### Activity
Using the listing below, retype exactly the lines starting at the one with "女士夏季休闲扎染印花无袖背心 , 数量140件,S-2XL码..." and ending at the one with "O responsável pode", and include both.

### Dataset extract
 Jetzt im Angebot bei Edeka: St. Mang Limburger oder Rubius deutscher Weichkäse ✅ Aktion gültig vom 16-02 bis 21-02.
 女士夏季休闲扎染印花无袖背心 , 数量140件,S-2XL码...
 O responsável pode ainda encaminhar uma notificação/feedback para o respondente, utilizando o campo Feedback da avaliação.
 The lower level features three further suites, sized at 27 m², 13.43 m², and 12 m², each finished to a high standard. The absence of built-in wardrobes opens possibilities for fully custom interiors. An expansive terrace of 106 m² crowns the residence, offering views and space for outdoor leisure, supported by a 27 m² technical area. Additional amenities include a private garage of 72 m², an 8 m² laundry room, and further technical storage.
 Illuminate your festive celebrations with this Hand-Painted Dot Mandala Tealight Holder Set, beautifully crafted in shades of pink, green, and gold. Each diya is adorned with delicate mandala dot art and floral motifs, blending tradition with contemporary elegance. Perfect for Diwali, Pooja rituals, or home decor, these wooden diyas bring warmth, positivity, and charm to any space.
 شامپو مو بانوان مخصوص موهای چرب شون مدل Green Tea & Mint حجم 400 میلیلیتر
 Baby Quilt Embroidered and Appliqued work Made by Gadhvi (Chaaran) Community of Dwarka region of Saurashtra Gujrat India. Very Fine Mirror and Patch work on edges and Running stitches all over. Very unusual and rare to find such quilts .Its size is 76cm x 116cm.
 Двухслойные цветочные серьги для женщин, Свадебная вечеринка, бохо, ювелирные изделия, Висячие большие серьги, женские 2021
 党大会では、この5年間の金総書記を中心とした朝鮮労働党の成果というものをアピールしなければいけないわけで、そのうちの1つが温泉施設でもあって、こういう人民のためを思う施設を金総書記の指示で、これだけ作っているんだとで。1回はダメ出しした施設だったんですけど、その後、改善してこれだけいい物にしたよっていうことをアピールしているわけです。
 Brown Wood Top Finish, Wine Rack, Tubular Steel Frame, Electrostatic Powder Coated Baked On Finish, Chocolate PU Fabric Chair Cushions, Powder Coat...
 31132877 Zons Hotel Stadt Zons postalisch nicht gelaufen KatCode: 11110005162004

### Answer box
 女士夏季休闲扎染印花无袖背心 , 数量140件,S-2XL码...
 O responsável pode ainda encaminhar uma notificação/feedback para o respondente, utilizando o campo Feedback da avaliação.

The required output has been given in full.